Sometimes we only have scraps to hold onto. It’s not pretty, but it gets us through. The amazing thing during those weeks of unknowns was that I had some of the most incredible moments with the Lord. That’s how trials work. When you’ve got nothing left but Jesus, He does remarkable things. I remember one night I couldn’t sleep and I told the Lord I’m just going to pack up my car and my kids tomorrow and drive back to Oregon. Back to what was familiar. The next day He brought some relief in my desperation.

Thankfully, God showed up in a huge way for us and fixed the loan on the house within a couple of days of it falling apart. We ended up staying in the hotel eight or nine weeks. There are worse things to deal with. Way worse. For me, it was a test of my faith as we were in the dark. I reached out and found Jesus standing there, ready to comfort and encourage me. My prayer times were in the tiny, gross bathroom during those weeks. Again, not pretty, but effective.

I keep those little scraps of paper on a memo board in my closet, which also doubles as my prayer closet. They remind me of God’s faithfulness. He has carried us through every trial and will continue to carry us. My memory can be short of God’s goodness to me. So, the trials come and flush out my doubts and weaknesses. And He shows up. And He does wonderful things. Things planned long ago. The trials will come until we go home to be with Jesus forever. Until that time, He promises to be with us always.
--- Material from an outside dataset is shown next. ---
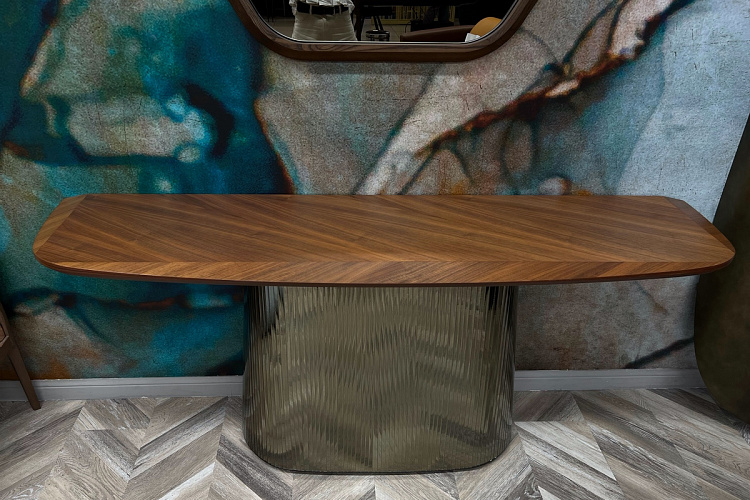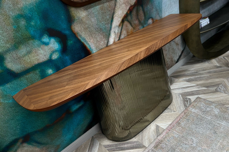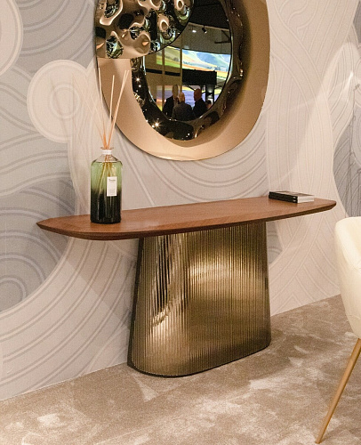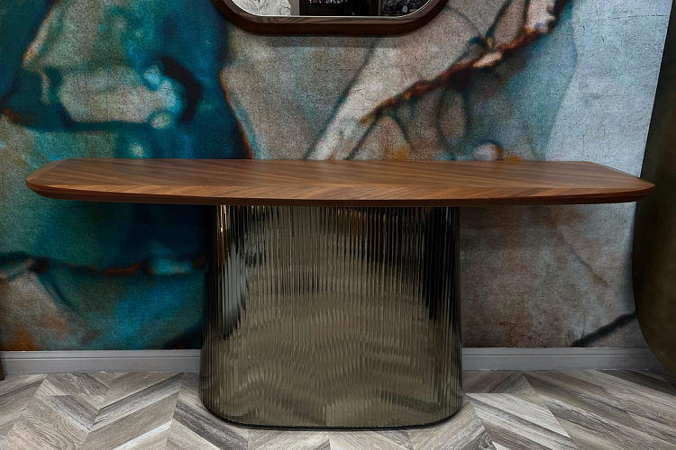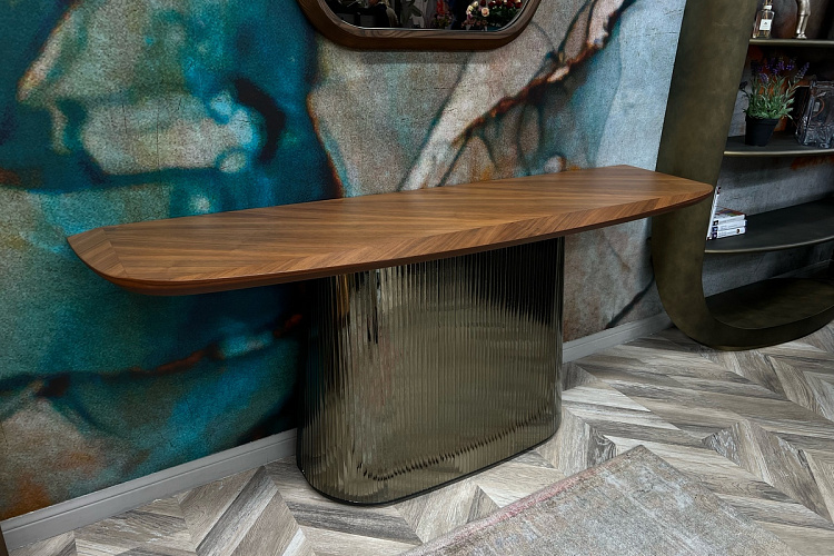 Консольный стол Adone Plissé – это воплощение изысканности и утончённости. Его основание выполнено из трубчатого стекла с посеребрением, которое, словно произведение искусства, переплетается изящными складками, напоминающими плиссированное платье. Эти складки не только придают столу лёгкость и воздушность, но и создают игру света, что добавляет интерьеру глубины и динамики. Столешница предлагается в двух вариантах: светлая керамика, идеально гладкая и блестящая, как зеркало, или дерево Silk Wood, обладающее уникальным ромбовидным сечением, придающим поверхности текстуру и визуальный объём. Оба варианта подчёркивают благородство и стиль консоли Adone Plissé, способной стать центром внимания любого пространства. L180 P45 H75 Мебельная фабрика Tonin Casa основана в 1975 году итальянцем Gianni Tonin, который и сегодня стоит во главе компании. В начале восьмидесятых фабрика выпускает каталог своей первой классической коллекции, которая быстро завоевывает внутренний рынок сочетанием традиционного итальянского стиля и функциональностью. В девяностых годах классическую линейку дополняет современная коллекция, ставшая визитной карточкой компании и сделавшая мебель от Tonin Casa легко узнаваемой среди массы безликой современной мебели. Сегодня Gianni Tonin уже вместе со своим сыном Nicola Tonin - продолжателем мебельной династии и дизайнером - создают новые коллекции и, как любой модный дом с мировым именем, выпускают каждый год очередные шедевры мебельного искусства, демонстрируя их на выставках Милана, Нью-Йорка, Парижа и Москвы. Именно стремление производить качественную и стильную дизайнерскую мебель и воплотить в каждом предмете и аксессуаре функциональную роскошь покорило сердца покупателей в Европе и Америке.

“And remember, I am with you always, to the end of the age.” (Matthew 28:20b, HCSB)

 

Love you all,

Meghan

 

 

Heavenly Father,

Thank you for your faithfulness, even when we are not faithful. You are good and perfect. I lift up all of those who are in the dark right now. The trial is painful as they wait for you to show up. Comfort them, carry them, encourage them. Remind them that you are still in control and you have a beautiful plan for them.